*** Extracted information Section Begins ***

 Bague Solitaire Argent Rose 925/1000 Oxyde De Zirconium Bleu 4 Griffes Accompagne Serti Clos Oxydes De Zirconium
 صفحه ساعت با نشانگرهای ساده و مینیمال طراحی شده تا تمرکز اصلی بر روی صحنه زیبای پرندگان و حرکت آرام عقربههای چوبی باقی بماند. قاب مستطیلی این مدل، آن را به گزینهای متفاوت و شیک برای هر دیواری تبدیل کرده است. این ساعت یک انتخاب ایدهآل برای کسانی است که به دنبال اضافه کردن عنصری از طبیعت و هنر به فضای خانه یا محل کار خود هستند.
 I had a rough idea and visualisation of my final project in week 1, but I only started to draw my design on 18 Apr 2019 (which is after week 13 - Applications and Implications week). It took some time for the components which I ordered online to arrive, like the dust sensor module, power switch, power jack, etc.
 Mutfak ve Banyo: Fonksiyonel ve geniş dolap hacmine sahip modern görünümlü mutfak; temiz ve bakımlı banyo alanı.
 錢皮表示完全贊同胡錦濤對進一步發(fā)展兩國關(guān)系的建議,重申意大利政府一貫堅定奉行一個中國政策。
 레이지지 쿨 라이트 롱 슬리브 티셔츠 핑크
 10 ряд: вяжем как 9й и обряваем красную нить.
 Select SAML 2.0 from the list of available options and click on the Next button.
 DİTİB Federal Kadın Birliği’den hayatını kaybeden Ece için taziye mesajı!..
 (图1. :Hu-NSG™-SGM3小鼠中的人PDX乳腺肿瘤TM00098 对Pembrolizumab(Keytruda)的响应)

*** Extracted information Section Ends ***

> Your goal
The records above must be transcribed without a single omission.

> Answer box
 Bague Solitaire Argent Rose 925/1000 Oxyde De Zirconium Bleu 4 Griffes Accompagne Serti Clos Oxydes De Zirconium
 صفحه ساعت با نشانگرهای ساده و مینیمال طراحی شده تا تمرکز اصلی بر روی صحنه زیبای پرندگان و حرکت آرام عقربههای چوبی باقی بماند. قاب مستطیلی این مدل، آن را به گزینهای متفاوت و شیک برای هر دیواری تبدیل کرده است. این ساعت یک انتخاب ایدهآل برای کسانی است که به دنبال اضافه کردن عنصری از طبیعت و هنر به فضای خانه یا محل کار خود هستند.
 I had a rough idea and visualisation of my final project in week 1, but I only started to draw my design on 18 Apr 2019 (which is after week 13 - Applications and Implications week). It took some time for the components which I ordered online to arrive, like the dust sensor module, power switch, power jack, etc.
 Mutfak ve Banyo: Fonksiyonel ve geniş dolap hacmine sahip modern görünümlü mutfak; temiz ve bakımlı banyo alanı.
 錢皮表示完全贊同胡錦濤對進一步發(fā)展兩國關(guān)系的建議,重申意大利政府一貫堅定奉行一個中國政策。
 레이지지 쿨 라이트 롱 슬리브 티셔츠 핑크
 10 ряд: вяжем как 9й и обряваем красную нить.
 Select SAML 2.0 from the list of available options and click on the Next button.
 DİTİB Federal Kadın Birliği’den hayatını kaybeden Ece için taziye mesajı!..
 (图1. :Hu-NSG™-SGM3小鼠中的人PDX乳腺肿瘤TM00098 对Pembrolizumab(Keytruda)的响应)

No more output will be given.